PostPosted: Sun Mar 27, 2011 3:46 am    Post subject: Reply with quote

Gary Torborg
I totally agree with your point stated in the other discussion “I disagree that any puzzles have no solution other than guessing”. At this discussion, I don’t think daj95376’s technique will satisfy you. To me it is a kind of forcing net . I think a method I used in another puzzle posted in sudokuxtra forum to solve this puzzle perhaps can satisfy you better.
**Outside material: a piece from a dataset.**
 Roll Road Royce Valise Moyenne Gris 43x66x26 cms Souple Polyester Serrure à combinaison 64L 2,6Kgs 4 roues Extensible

I am looking forward to hearing comments from all of you, especially from Keith and Marty.
The puzzle :
Code:
+-----------------------------------------------------------------------+
 |  1236   4      1567   |  12378  9      12358  |  5678   567    678    |
 |  39     3579   57     |  378    345    6      |  1      2      478    |
 |  126    157    8      |  127    245    125    | -4567   9      3      |
 |-----------------------+-----------------------+-----------------------|
 |  1469   179    1467   |  39     8      34     |  2      147    5      |
 |  149    189    2      |  5      6      7      |  3      14     1489   |
 |  5      789    3      |  29     1      24     |  4678   467    46789  |
 |-----------------------+-----------------------+-----------------------|
 |  7      6      45     |  1238   235    12358  |  9      1345   14     |
 |  8      2      9      |  4      35     135    |  567    13567  167    |
 |  134Y   135Y   145Y   |  6      7      9      |  45Y    8      2      |
 +-----------------------------------------------------------------------+

Set a Yellow Zone : r9c1=134, r9c2=135, r9c3=145, r9c7=45(marked with Y)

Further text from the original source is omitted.